- Task to complete -
Taking the data below, please print only the lines from the line holding "Vintage pearl-finish 8" to the line holding "Toppen er ærmeløs, har", inclusive, with pictures omitted.
Provided data section start
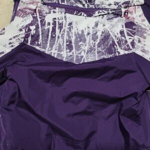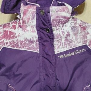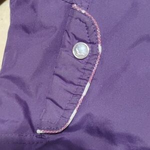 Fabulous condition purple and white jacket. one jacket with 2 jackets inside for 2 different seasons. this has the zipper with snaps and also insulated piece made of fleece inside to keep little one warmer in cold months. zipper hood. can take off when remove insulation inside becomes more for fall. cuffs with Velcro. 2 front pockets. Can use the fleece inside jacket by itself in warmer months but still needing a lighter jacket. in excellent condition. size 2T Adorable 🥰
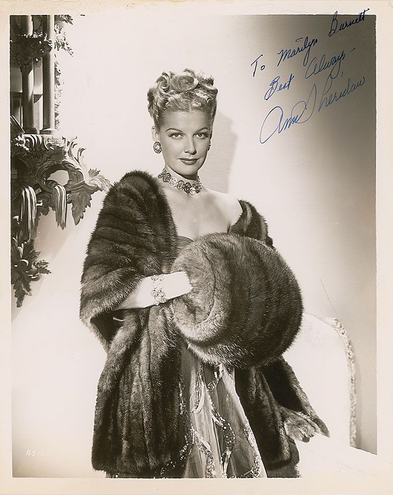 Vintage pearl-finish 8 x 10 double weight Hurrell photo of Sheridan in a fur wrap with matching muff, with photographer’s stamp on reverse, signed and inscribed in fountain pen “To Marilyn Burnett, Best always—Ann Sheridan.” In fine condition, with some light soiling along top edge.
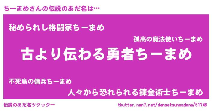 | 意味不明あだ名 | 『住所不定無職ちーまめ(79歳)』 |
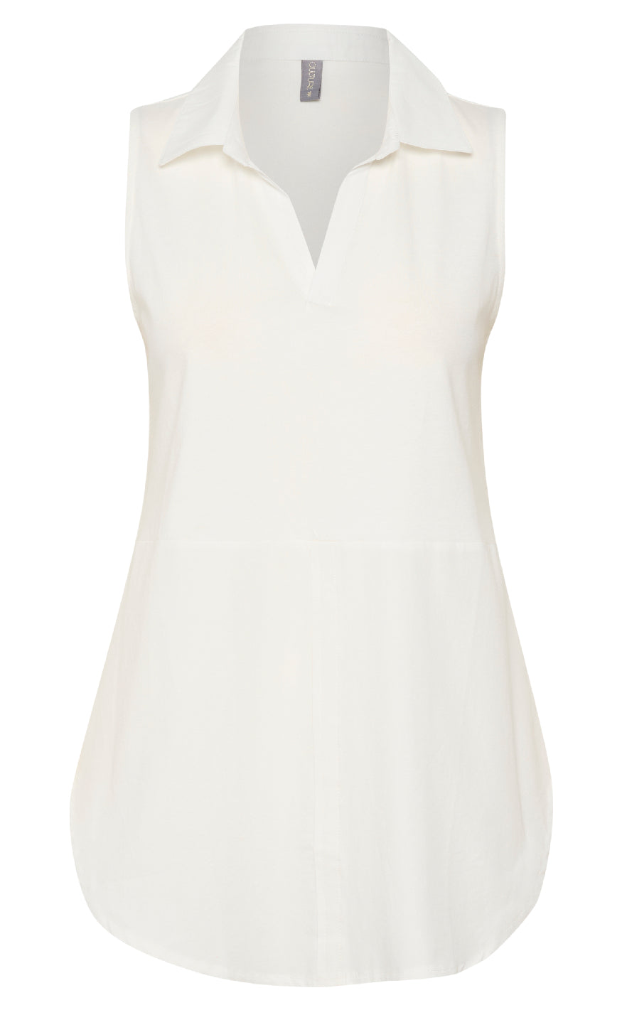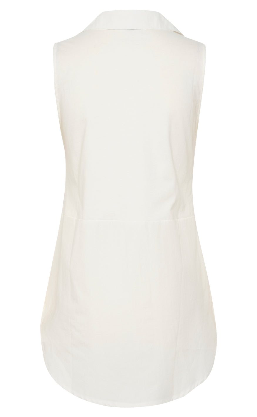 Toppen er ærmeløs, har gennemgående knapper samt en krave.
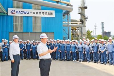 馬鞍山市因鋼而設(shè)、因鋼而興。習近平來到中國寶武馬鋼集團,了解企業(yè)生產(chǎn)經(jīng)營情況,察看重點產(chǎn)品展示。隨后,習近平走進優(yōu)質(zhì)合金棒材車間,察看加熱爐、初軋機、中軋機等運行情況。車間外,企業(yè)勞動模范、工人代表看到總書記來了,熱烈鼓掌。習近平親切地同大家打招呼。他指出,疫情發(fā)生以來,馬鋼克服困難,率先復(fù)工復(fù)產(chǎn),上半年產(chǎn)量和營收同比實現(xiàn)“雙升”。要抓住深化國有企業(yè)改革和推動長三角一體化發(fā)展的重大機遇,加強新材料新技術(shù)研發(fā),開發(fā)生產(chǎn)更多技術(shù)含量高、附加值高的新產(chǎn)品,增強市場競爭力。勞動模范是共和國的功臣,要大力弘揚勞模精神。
Provided data section end
Provided data section start
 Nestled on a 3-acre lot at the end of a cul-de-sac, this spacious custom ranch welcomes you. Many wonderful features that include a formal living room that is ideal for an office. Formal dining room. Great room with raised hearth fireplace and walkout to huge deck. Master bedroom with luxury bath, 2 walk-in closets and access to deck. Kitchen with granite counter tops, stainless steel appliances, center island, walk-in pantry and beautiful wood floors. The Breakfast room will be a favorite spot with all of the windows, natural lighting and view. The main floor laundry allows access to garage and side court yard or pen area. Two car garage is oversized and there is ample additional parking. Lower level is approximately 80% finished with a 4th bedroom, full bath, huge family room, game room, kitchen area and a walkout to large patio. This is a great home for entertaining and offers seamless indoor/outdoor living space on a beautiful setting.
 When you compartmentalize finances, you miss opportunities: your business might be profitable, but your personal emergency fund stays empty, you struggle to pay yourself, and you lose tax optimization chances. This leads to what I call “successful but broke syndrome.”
Provided data section end
- Written response -
 Vintage pearl-finish 8 x 10 double weight Hurrell photo of Sheridan in a fur wrap with matching muff, with photographer’s stamp on reverse, signed and inscribed in fountain pen “To Marilyn Burnett, Best always—Ann Sheridan.” In fine condition, with some light soiling along top edge.
 | 意味不明あだ名 | 『住所不定無職ちーまめ(79歳)』 |
 Toppen er ærmeløs, har gennemgående knapper samt en krave.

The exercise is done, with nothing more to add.